Mrs. Harrison spoke to www.ww2wrecks.com on her quest for the lost Beaufort:
“I was successful in locating relatives of the four crew and one passenger on board the plane, and had the relatives of the two WA boys, present at the former RAAF Base Busselton, on the 9.9.2015, the anniversary of when they took off on 9.9.43.”
“They stood on what was the original runway from where the lads took off, now grass. They never knew what had happened to their Uncle, only that they took off in their plane and disappeared. There are still many buildings remaining at the former Base.”
“We then went to the beach where they threw flowers on to the ocean gently lapping the shore.
It was so strange, as the day before the weather was wet cold and windy, that day was perfect sunshine, the sea was calm and silken and a beautiful pinkish hue with a blue sky, not a breath of wind and one lone seagull flying over us all the time.”
One lady said she liked to think it was her Uncle. The next day it was again wet, cold and windy.
Captain Harry Kolbig
Flight plan of the doomed Beaufort
For some unknown reason, just a few days ago, I suddenly thought I’d look at Kolbig’s file and go over that again.
Don’t ask me why.
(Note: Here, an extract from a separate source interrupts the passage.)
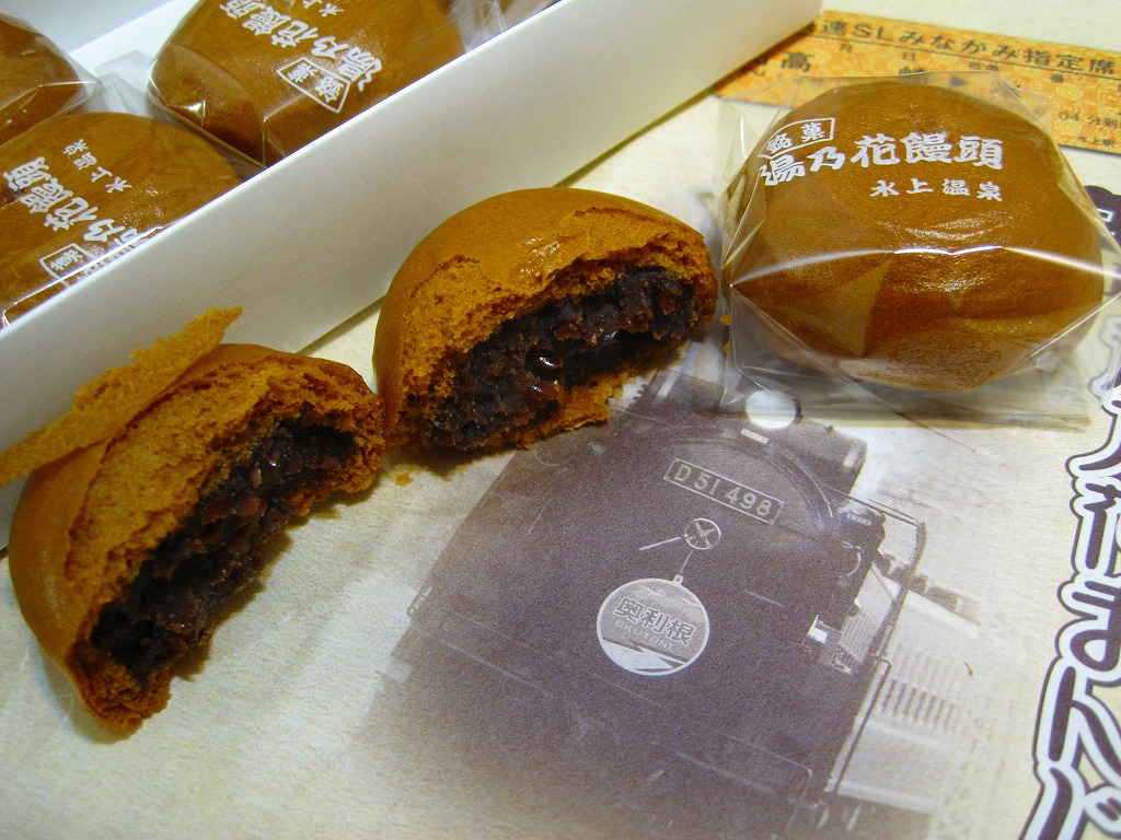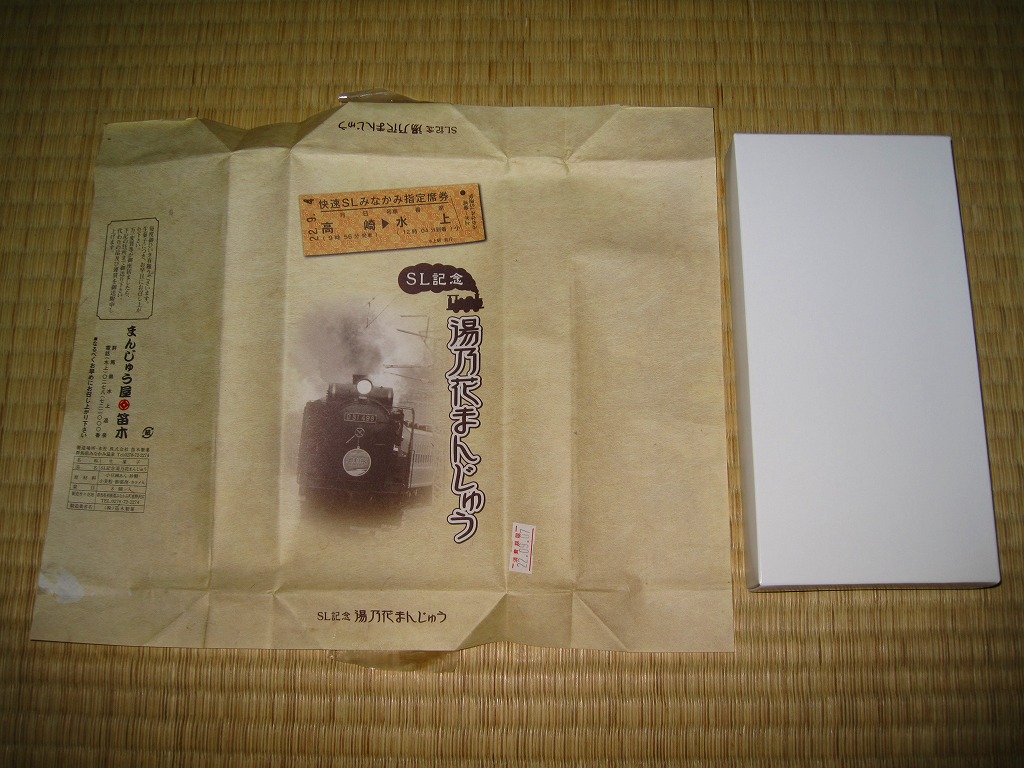 これは駅弁ではなく、鉄道にちなんだ土産物。北海道産の小豆、沖縄産の黒糖と群馬県産の赤糖を使ったという饅頭が8個で680円。包装紙は上越線を運行するSL列車にちなんでおり、写真は実際に使われる蒸気機関車、きっぷのイメージに記される列車名と区間と時刻は実際のもの、さらに購入日の日付が定位置に押されていた。地元で観光列車が大切にされていることが、これで分かるもの。駅弁がないことがつくづく惜しい。

I found ‘phone numbers and addresses of his sister-in-law, Niece and Nephew in Adelaide that I’d written down two years ago, so thought I’d ‘phone.”
Relics of yesteryear: The concrete buildings of the RAAF Air Base at Busselton
“I spoke mainly with his Niece Deborah (his sis-in-law is 95), and she said that the day before, they had been talking about Harry, and wondering how they could find out more about what happened, then I ‘phone.
I’m now able to send them a whole lot of information including his records which they never had.”
“I asked Deborah if it is the plane, would they possibly be able to come over, maybe her Mum might not be able to travel, but she and her brother.
She said if they have enough notice yes, they would.”